In order to put up scoring lines associated with big dollars, Holiday will need to find more efficient routes to the basket that result in more layups and free-throw attempts.

When thinking of a player Holiday could model his game after, Jameer Nelson feels like a fair comparison. While Holiday's upside may be slightly higher than Nelson's once was, Holiday could benefit from learning to play like Nelson did during his best seasons alongside Dwight Howard in Orlando.

Nelson's game is a bit more perimeter oriented than Holiday's, but as we've seen, Holiday isn't a half-bad shooter from beyond the arc. As previously mentioned, it would be more efficient for Holiday to tailor his game to playing around the rim, but if Bynum is constantly drawing double-teams, it wouldn't be a surprise if we saw his outside shooting numbers spike.

As far as Nelson's numbers go (via, his best season came in 2008-09, when the Magic won the Eastern Conference crown and faced off against the Los Angeles Lakers in the NBA Finals. Although Nelson was limited to just 42 games in 2008-09, he averaged more than 19 points and six assists per 36 minutes, while posting a PER of more than 20. Nelson also shot a career-high 45.3 percent from three and 50.3 percent from the field.

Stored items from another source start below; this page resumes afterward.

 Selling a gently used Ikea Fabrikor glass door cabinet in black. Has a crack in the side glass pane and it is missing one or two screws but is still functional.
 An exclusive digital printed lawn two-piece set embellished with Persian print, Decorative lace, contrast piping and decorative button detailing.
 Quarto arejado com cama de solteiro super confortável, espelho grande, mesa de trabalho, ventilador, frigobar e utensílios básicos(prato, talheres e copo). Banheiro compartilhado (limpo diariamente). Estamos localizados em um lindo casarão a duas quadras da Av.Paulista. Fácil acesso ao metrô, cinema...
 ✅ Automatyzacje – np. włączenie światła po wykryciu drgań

Those numbers would be difficult for many guards to duplicate (they were over 42 games, not 82), but after Bynum, Holiday feels like the team's most legitimate threat to average 20 points per game.

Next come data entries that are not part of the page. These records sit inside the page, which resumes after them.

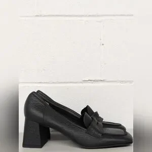 NEW Aquatalia Carlina Block heel black leather pumps size 9 Square Toe textured
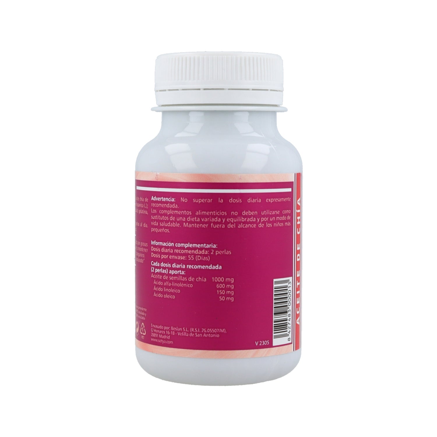 Each pearl provides: Chia seed oil 2000mg, alpha-linolenic acid 1200mg, linoleic acid 300mg, oleic acid 100mg.
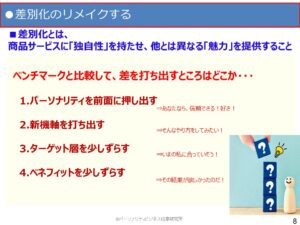 まず、一つ目の「差別化をリメイクする」ですが、そもそも、「差別化」とは、他と比較したときの優位性のことです。
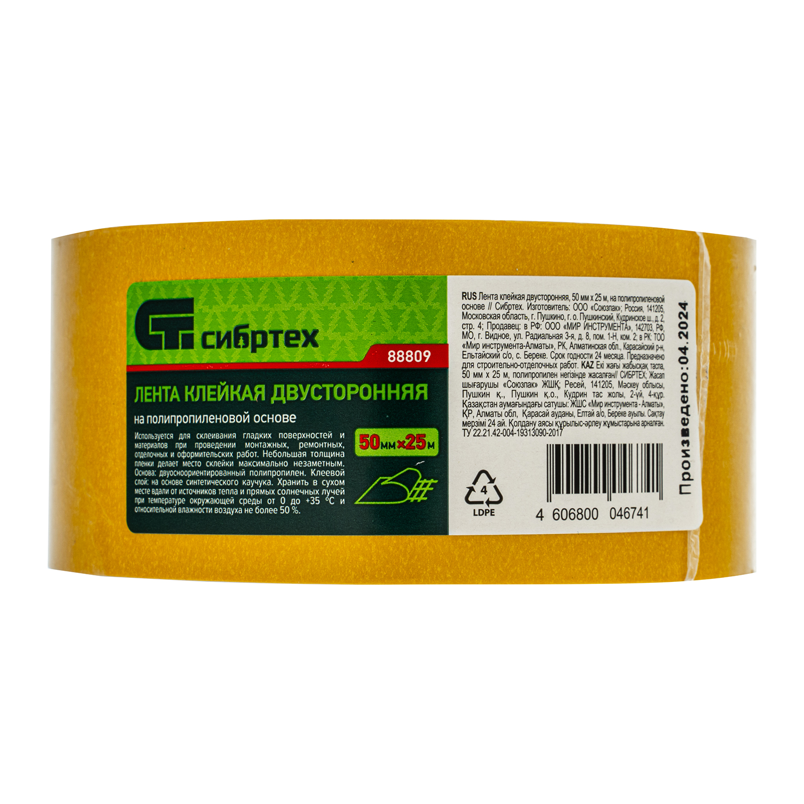 Лента клейкая двусторонняя, 50 мм х 25 м, на полипропиленовой основе сибртех
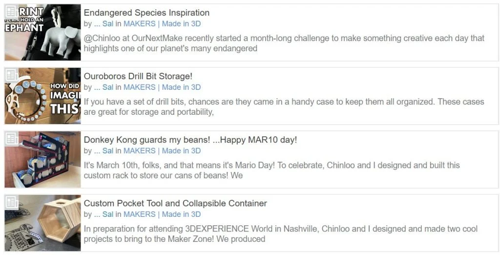 You can see all of their posts in the MAKERS | Made in 3D community in the Dassault Systèmes 3DSwym environment (log-in required).  Each post goes into detail as to how they leveraged the SOLIDWORKS and Makers apps to create their designs as well as various CAD models on display for you to check out by manipulating in 3D.
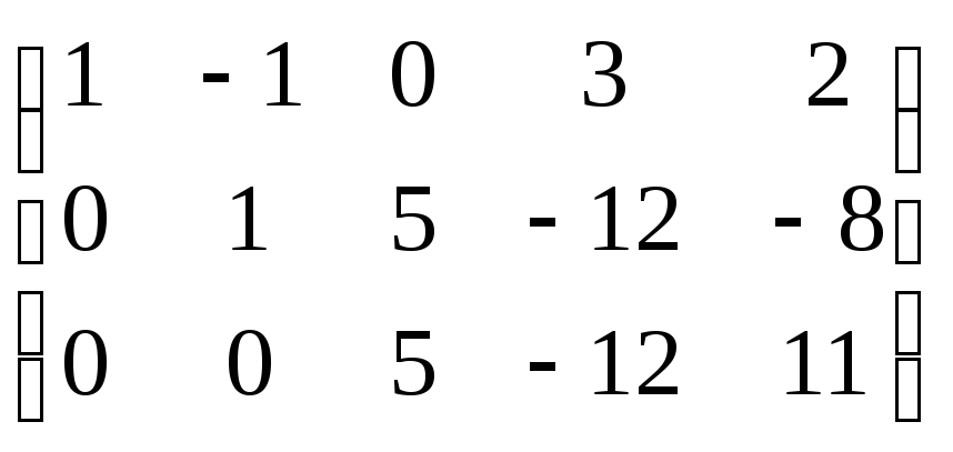 (1) Cột thứ năm bằng 0, chúng tôi xóa nó khỏi ma trận. Do đó, hạng của ma trận nhiều nhất là bốn. Hàng đầu tiên được nhân với -1. Đây là một tính năng đặc trưng khác của phương pháp Gaussian, làm cho hành động sau đây trở nên dễ chịu:

So really, there are two effective offensive routes Holiday can take to becoming an improved player.

As we've seen throughout the past two seasons, Holiday has actually proven to be more of a pure shooter than shooting guard Evan Turner, who has played more of a point-forward role. Should Holiday find it easier to score with softer defenses on the perimeter, then we may see improved shooting numbers. Or, Holiday may find that having some capable rebounders in the frontcourt will allow him to be more aggressive attacking the interior of opposing defenses.

In sum, Holiday's efforts this season may net him a larger statistical output, but it will be his ability to maximize his opportunities on the offensive end that will be key. In order to be considered one of the league's brightest young talents, Holiday will have to show that he's capable not only of distributing the ball, but that he is able to avoid turning the ball over at a high rate, a point Doug Collins has emphasized over the past few seasons.

While it feels like Bynum's play will be the key to the Sixers' 2012-13 season, it very well may be Holiday's performance as the co-star that ends up being the most accurate barometer of the team's success.